Chiseldon: A plan to turn an empty shop into a restaurant has been turned down by Swindon Borough Council’s planning officers.

PK Kansal who owns PK Properties said the empty unit at 34 New Road in the village was no longer viable because of internet shopping and supermarkets.

The lack of parking for the building and also the likelihood of cooking fumes and smells annoying people living nearby, several of whom had written in to object to the plan, persuaded planners to refuse the application

Highworth: A proposal by Chris Kane to convert the ground floor of the former Lloyds Bank building in the High Street can go ahead.

Mr Kane has been given approval to make the space a mixed-business venture with a tourist information office, museum, craft shop and nail bar.

He says his proposals will not change the exterior of the Grade II listed building, which dates back to 1832, either at the front or back in any way.

Mr Kane has already been given permission to turn the upper floors of the three-storey building into three flats, with one office remaining on the first floor.

New Eastern Villages: The hopeful developer who wants to build 300 houses just east of the Wanborough Road as part of the New Eastern Villages expansion of Swindon must conduct an environmental impact assessment.

Hannick Homes had asked the borough council whether such a measure was necessary before putting in a formal application for permission.

It wants to build the houses on farmland directly off the Wanborough Road, just south of its bridge over the A419 and behind the Poplars Day Nursery.

It is immediately south of the huge proposed Lotmead development of 2,500 houses.

Although Natural England said it didn’t think the building would have an impact on very sensitive landscape or habitats the council’s ecology officer said there had been no serious survey of the farmland conducted and asked for a baseline study to be done, with extra work to follow if sensitive habitats are found.

Badbury Park: The details of the appearance and layout of 56 houses to be built as part of the next phase of the major development have been approved by council planners.

Persimmon Homes already has permission to build the small estate (pictured) in the northern part of the last area of the development to be constructed – a site in the corner formed by the A419 and the M4.
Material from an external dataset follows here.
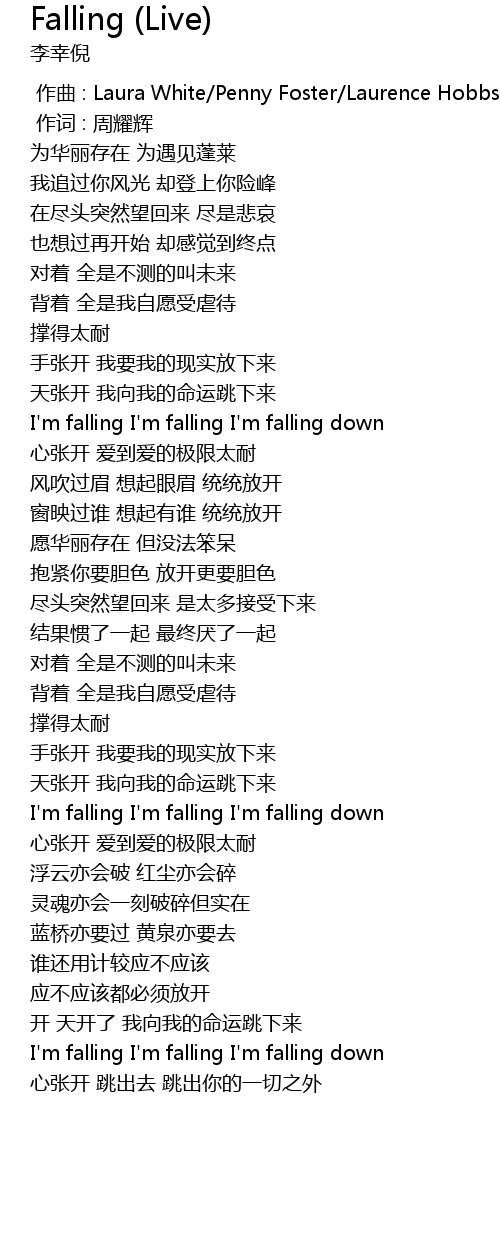 | [01:36.24] | I' m falling I' m falling I' m falling down |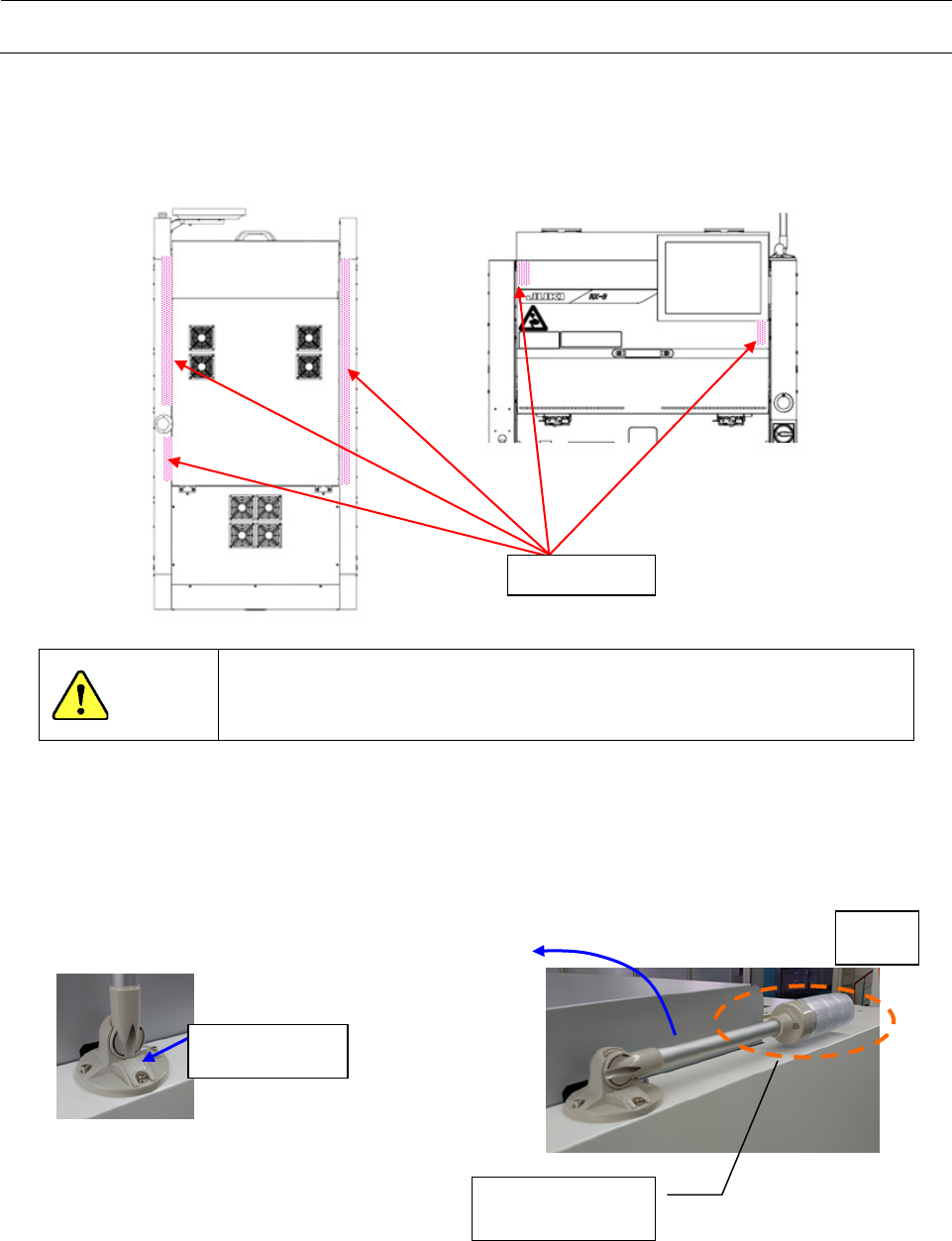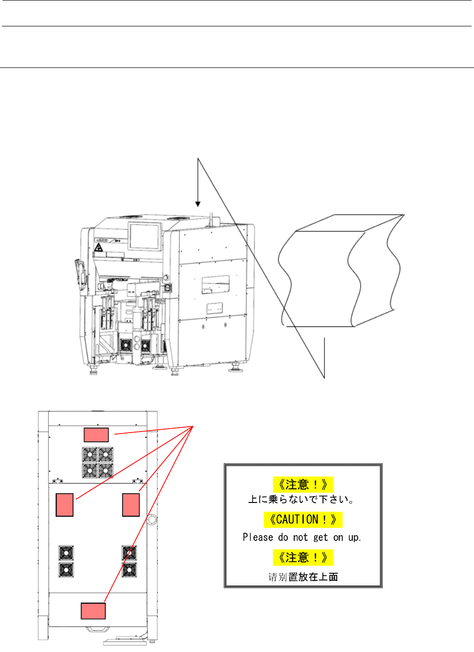 安装要领书 5 3-2 安全护罩、后侧养护盖 请剥掉粘贴在安全护罩上的纤维丝胶带。 注意 打开包装后,千万别在装置上面放置重物。 3-3 信号灯 ① 请拆下将信号灯固定在主体上的纤维丝胶带和信号灯部分的包装材料。 ② 请推动信号灯根部的滑片并同时竖起信号灯。 使滑动 拆下包装材料 后侧 纤维丝胶带

As part of that approval it still has to submit plans on how the houses would look and be set out. Planners have signed off on the scheme to for a mixture of flats in low-rise blocks, semi-detached houses and three-storey town houses to be arranged around a central street running north to south.

Town centre: Developer Bartosz Laskowski now has double permission to transform a family house in Sheppard Street near the railway station into a shared home of multiple occupation.

Mr Laskowski was given the go ahead for the change of use and work for his original proposal earlier this month. Before that consent had come through, he submitted another application showing there would be two en-suite bedrooms on the first floor and two on the ground floor, along with a shared kitchen and dining room.

The occupant of one room will have to go through the shared spaces to reach their private lavatory and bathroom.

Extensions and Conversions: Approval has been given for extensions or loft or garage conversions at 15 Meadowsweet Close, Haydon Wick; 12 Sandstone Road, Priory Vale; 4 Manor Park, South Marston; 73 Marney Road, Grange Park; Toll Cottage, 33 Meadow Way, Badbury; 11 Skye Close, Highworth; 10 Shrivenham Road, Highworth; 45 Larchmore Close, Haydon Wick; 14 Donnington Grove, Lawn and Grove Hill Residential Home, Grove Hill, Highworth.